═════ Input material
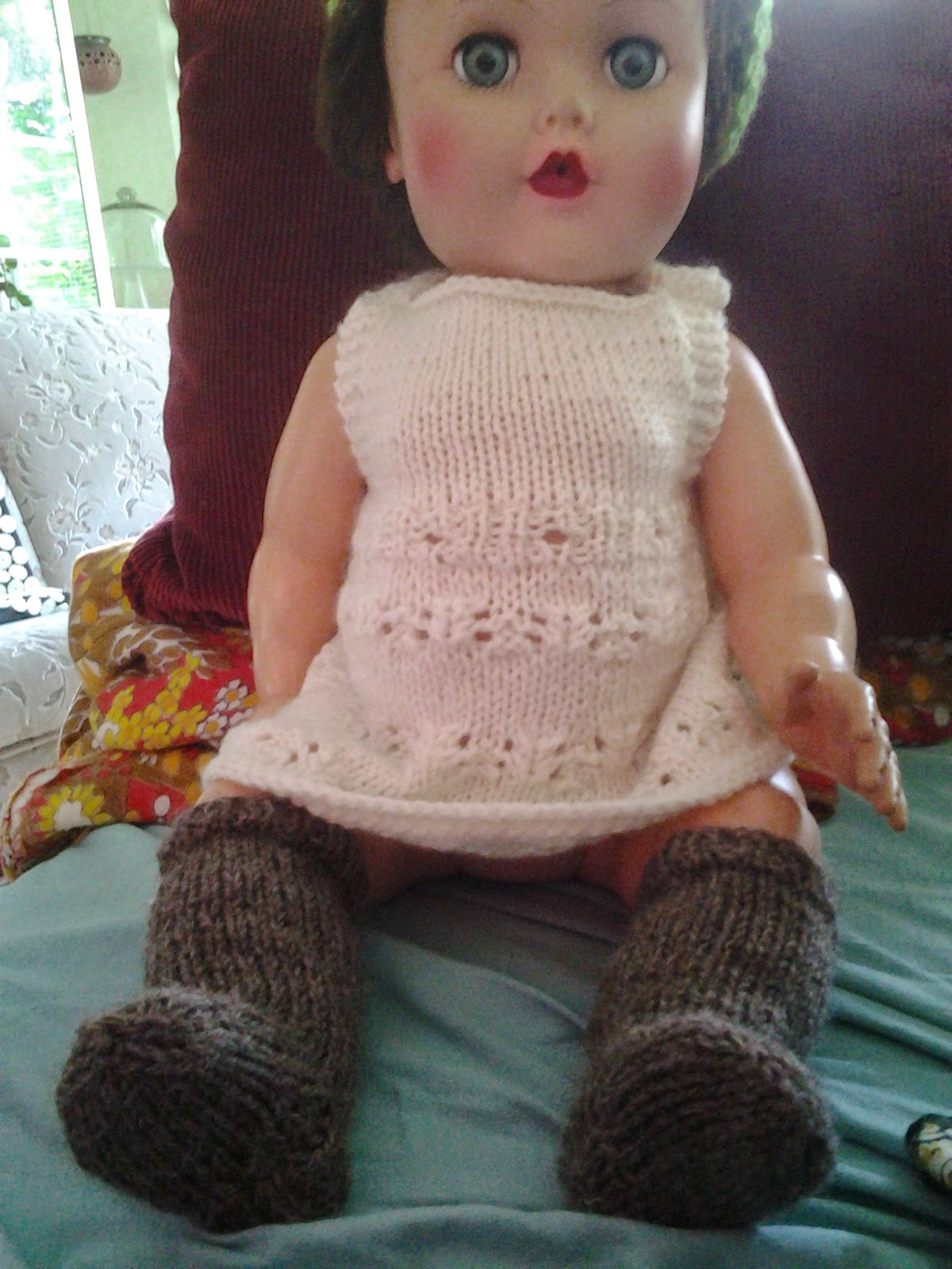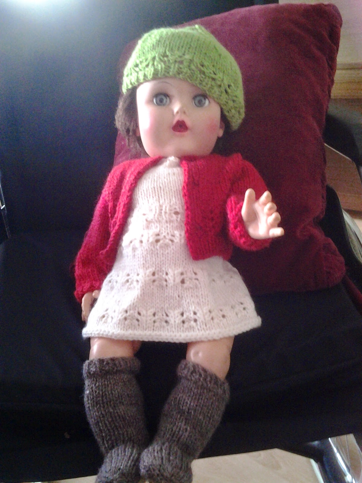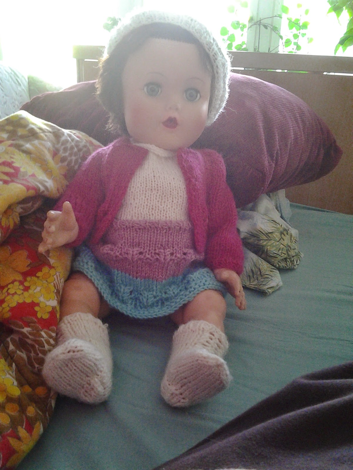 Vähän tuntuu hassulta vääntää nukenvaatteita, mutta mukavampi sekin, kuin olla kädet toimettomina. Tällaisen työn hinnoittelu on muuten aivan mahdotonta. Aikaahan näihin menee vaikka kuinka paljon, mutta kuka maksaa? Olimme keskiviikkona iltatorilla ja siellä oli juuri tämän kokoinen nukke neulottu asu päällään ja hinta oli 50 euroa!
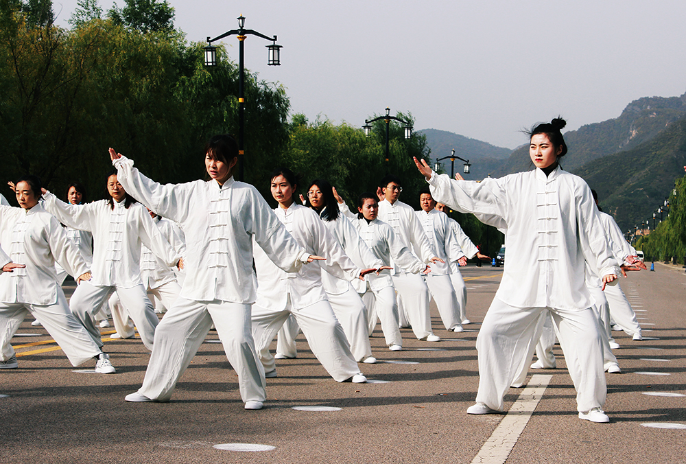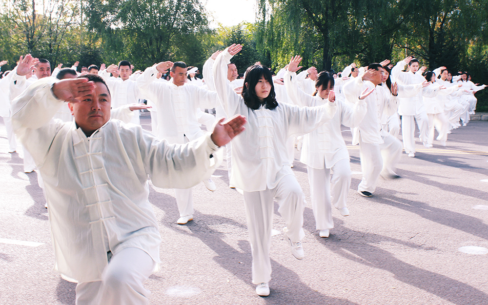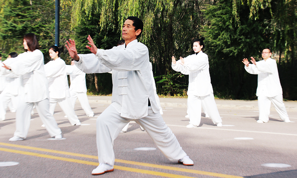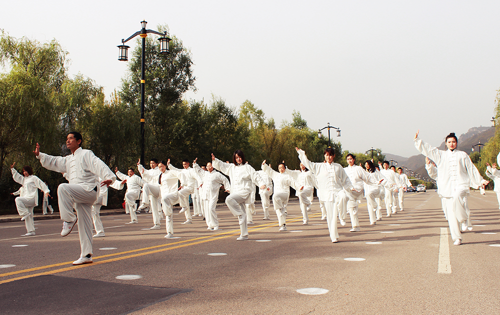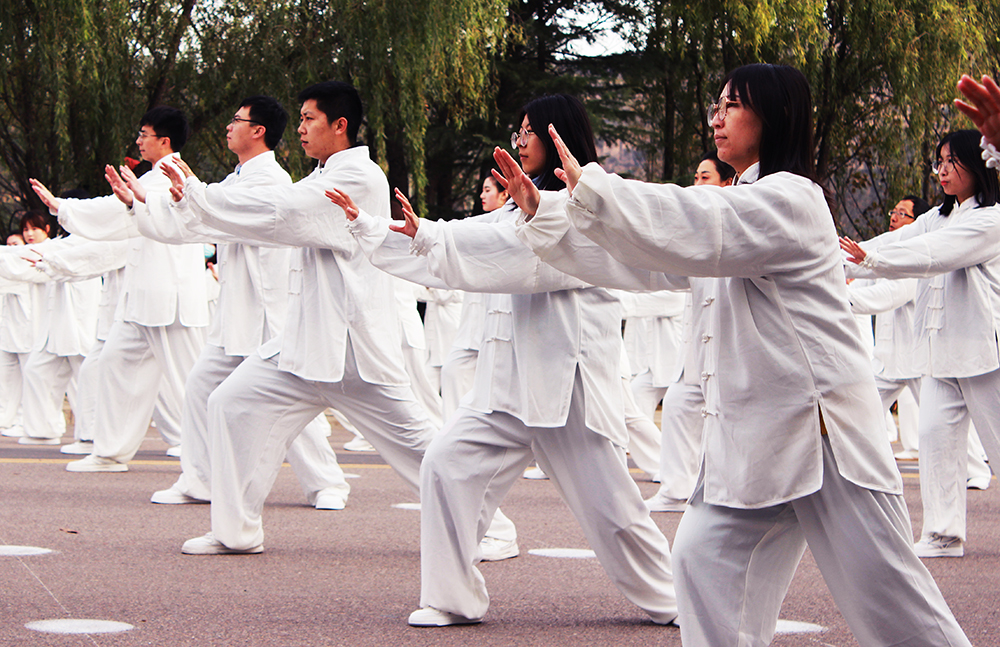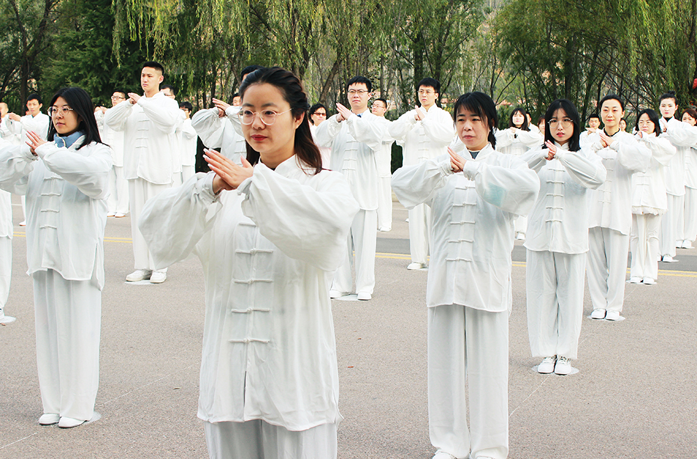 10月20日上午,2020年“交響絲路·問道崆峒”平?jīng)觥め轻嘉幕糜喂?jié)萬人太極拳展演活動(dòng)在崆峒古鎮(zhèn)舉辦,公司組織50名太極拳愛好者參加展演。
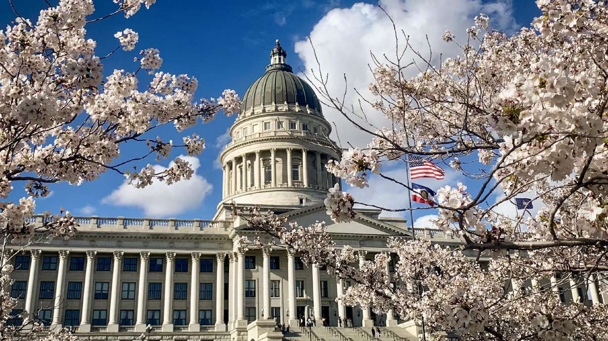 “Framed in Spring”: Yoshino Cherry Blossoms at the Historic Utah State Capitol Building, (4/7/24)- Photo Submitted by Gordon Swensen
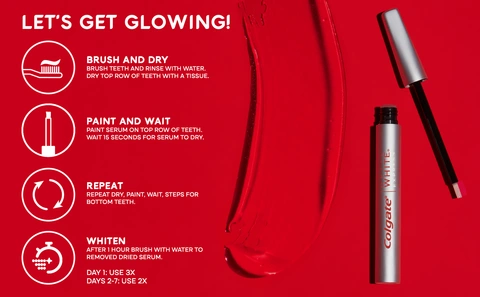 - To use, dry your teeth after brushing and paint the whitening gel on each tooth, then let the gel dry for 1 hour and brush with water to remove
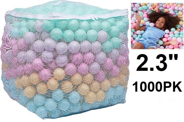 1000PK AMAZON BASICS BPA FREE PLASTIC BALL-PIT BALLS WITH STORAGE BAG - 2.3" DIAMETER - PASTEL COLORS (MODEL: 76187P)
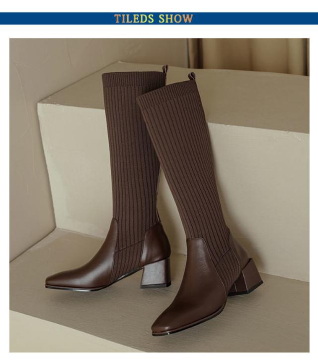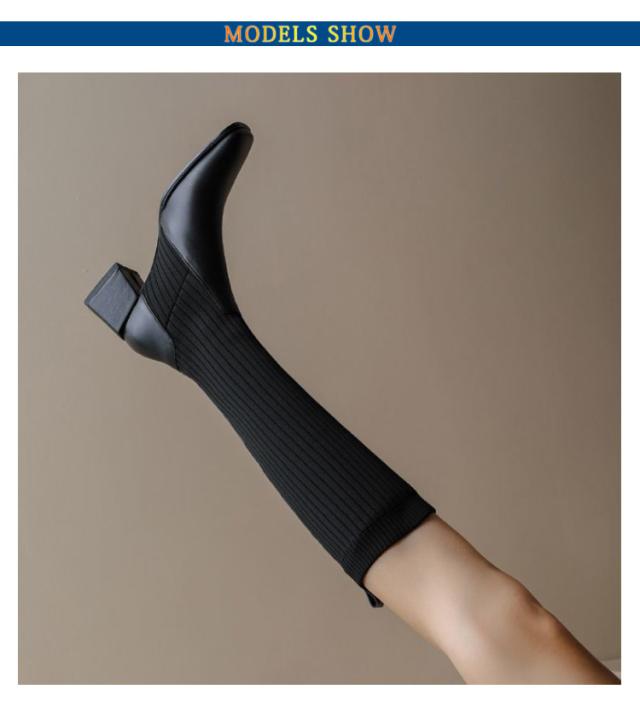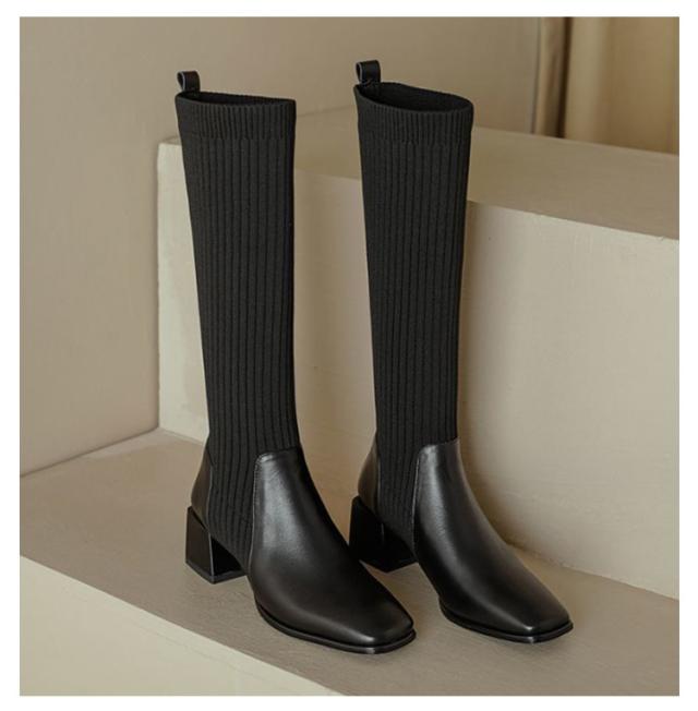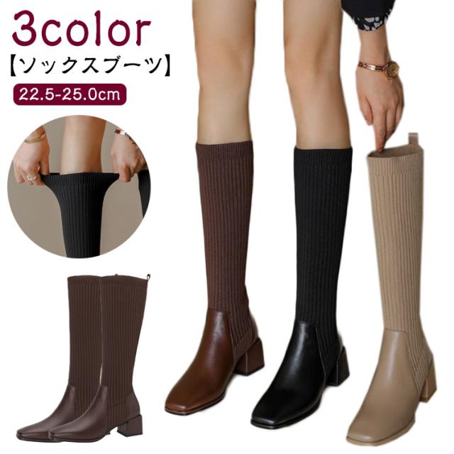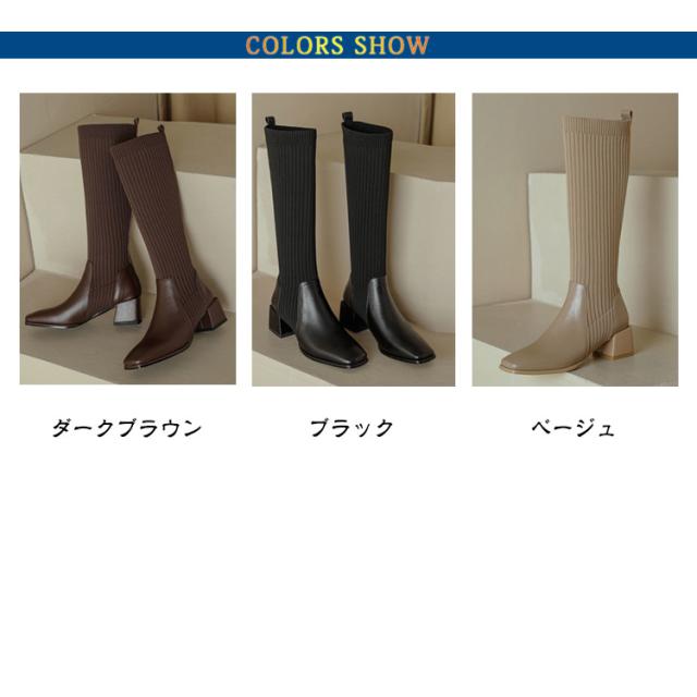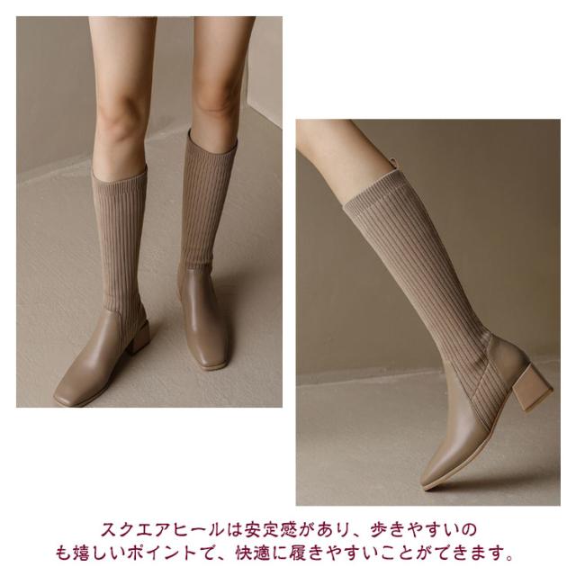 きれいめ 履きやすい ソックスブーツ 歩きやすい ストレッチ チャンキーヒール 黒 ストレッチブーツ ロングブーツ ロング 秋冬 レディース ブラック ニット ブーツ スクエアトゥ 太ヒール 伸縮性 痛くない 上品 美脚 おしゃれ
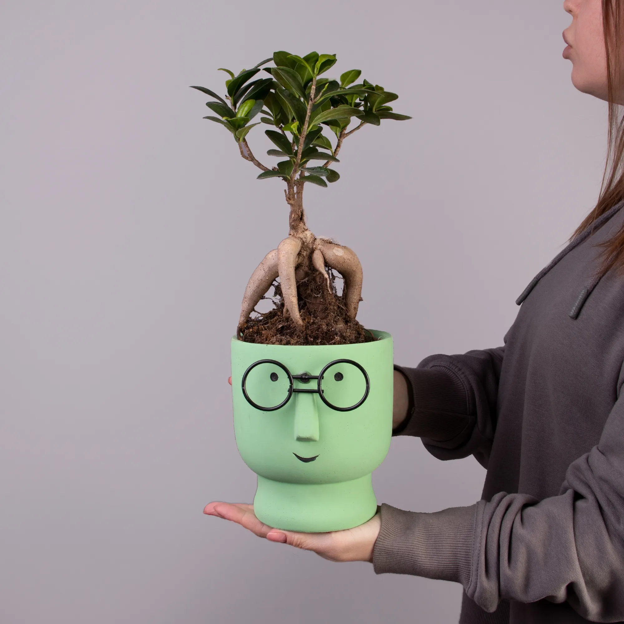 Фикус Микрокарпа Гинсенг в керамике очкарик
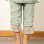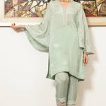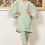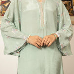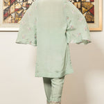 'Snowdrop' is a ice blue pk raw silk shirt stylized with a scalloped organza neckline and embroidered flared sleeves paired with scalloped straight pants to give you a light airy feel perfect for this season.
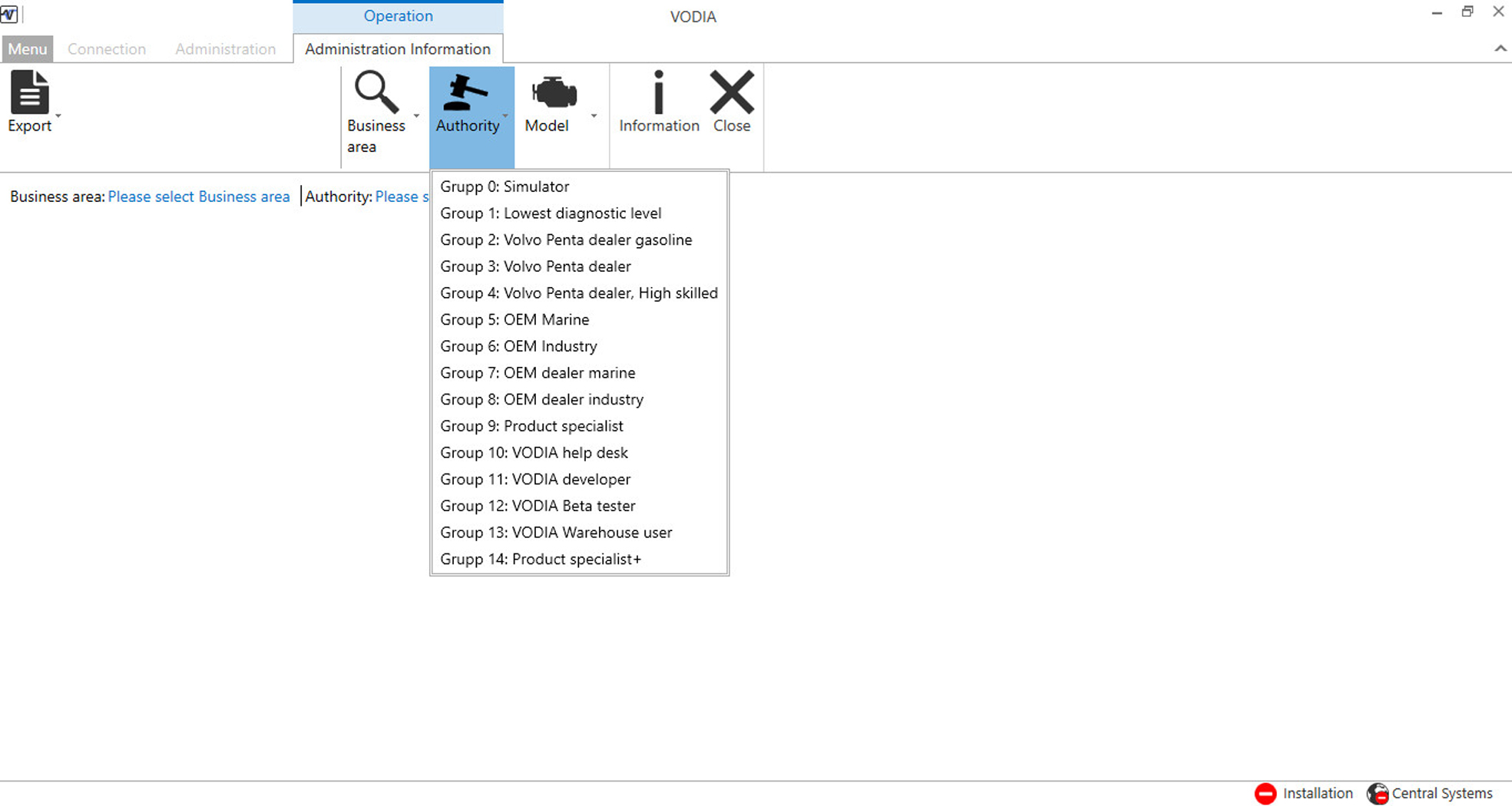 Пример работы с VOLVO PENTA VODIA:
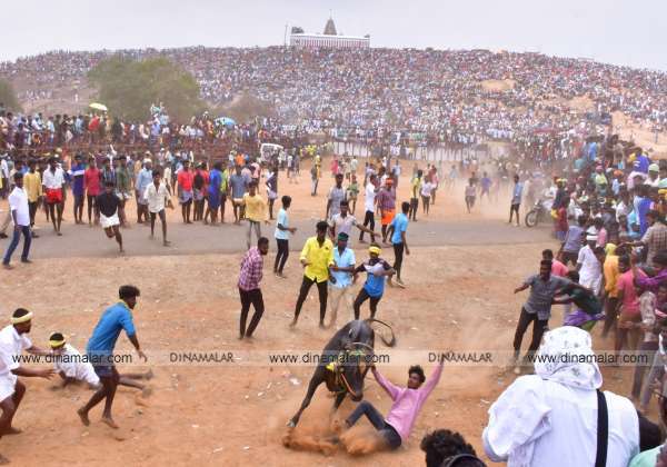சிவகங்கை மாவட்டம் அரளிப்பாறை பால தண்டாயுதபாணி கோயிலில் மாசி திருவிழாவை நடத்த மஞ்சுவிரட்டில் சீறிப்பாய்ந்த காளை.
══════════
Exercise requirements: Set the entries down exactly, but not the pictures.

Result for this exercise:
 Vähän tuntuu hassulta vääntää nukenvaatteita, mutta mukavampi sekin, kuin olla kädet toimettomina. Tällaisen työn hinnoittelu on muuten aivan mahdotonta. Aikaahan näihin menee vaikka kuinka paljon, mutta kuka maksaa? Olimme keskiviikkona iltatorilla ja siellä oli juuri tämän kokoinen nukke neulottu asu päällään ja hinta oli 50 euroa!
 10月20日上午,2020年“交響絲路·問道崆峒”平?jīng)觥め轻嘉幕糜喂?jié)萬人太極拳展演活動(dòng)在崆峒古鎮(zhèn)舉辦,公司組織50名太極拳愛好者參加展演。
 “Framed in Spring”: Yoshino Cherry Blossoms at the Historic Utah State Capitol Building, (4/7/24)- Photo Submitted by Gordon Swensen
 - To use, dry your teeth after brushing and paint the whitening gel on each tooth, then let the gel dry for 1 hour and brush with water to remove
 1000PK AMAZON BASICS BPA FREE PLASTIC BALL-PIT BALLS WITH STORAGE BAG - 2.3" DIAMETER - PASTEL COLORS (MODEL: 76187P)
 きれいめ 履きやすい ソックスブーツ 歩きやすい ストレッチ チャンキーヒール 黒 ストレッチブーツ ロングブーツ ロング 秋冬 レディース ブラック ニット ブーツ スクエアトゥ 太ヒール 伸縮性 痛くない 上品 美脚 おしゃれ
 Фикус Микрокарпа Гинсенг в керамике очкарик
 'Snowdrop' is a ice blue pk raw silk shirt stylized with a scalloped organza neckline and embroidered flared sleeves paired with scalloped straight pants to give you a light airy feel perfect for this season.
 Пример работы с VOLVO PENTA VODIA:
சிவகங்கை மாவட்டம் அரளிப்பாறை பால தண்டாயுதபாணி கோயிலில் மாசி திருவிழாவை நடத்த மஞ்சுவிரட்டில் சீறிப்பாய்ந்த காளை.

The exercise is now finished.